🤖 AI Summary
Early action prediction is highly challenging due to limited visual evidence. This work proposes the EAST framework, which enables generalization to arbitrary observation ratios by stochastically sampling the boundary time step between observed and unobserved frames and jointly learning representations of both observed and future segments. The method innovatively integrates a token masking mechanism with a single-encoder architecture, achieving high prediction accuracy while substantially reducing memory consumption by half and accelerating training by 2× compared to prior approaches. On the NTU60, Something-Something V2, and UCF101 benchmarks, EAST outperforms previous state-of-the-art methods by 10.1, 7.7, and 3.9 percentage points, respectively, marking the first demonstration of superior performance in early action prediction using a single encoder.
📝 Abstract
Early action prediction seeks to anticipate an action before it fully unfolds, but limited visual evidence makes this task especially challenging. We introduce EAST, a simple and efficient framework that enables a model to reason about incomplete observations. In our empirical study, we identify key components when training early action prediction models.

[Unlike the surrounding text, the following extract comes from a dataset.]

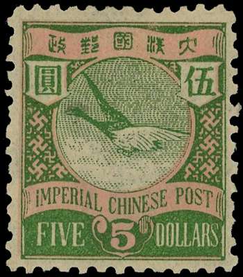 1897 Imperial Chinese Post, $5 yellow-green and rose, large part o.g. fine, a fresh example with above average centring. SG 107a; Chan 103

Our key contribution is a randomized training strategy that samples a time step separating observed and unobserved video frames, enabling a single model to generalize seamlessly across all test-time observation ratios. We further show that joint learning on both observed and future (oracle) representations significantly boosts performance, even allowing an encoder-only model to excel. To improve scalability, we propose a token masking procedure that cuts memory usage in half and accelerates training by 2x with negligible accuracy loss. Combined with a forecasting decoder, EAST sets a new state of the art on NTU60, SSv2, and UCF101, surpassing previous best work by 10.1, 7.7, and 3.9 percentage points, respectively.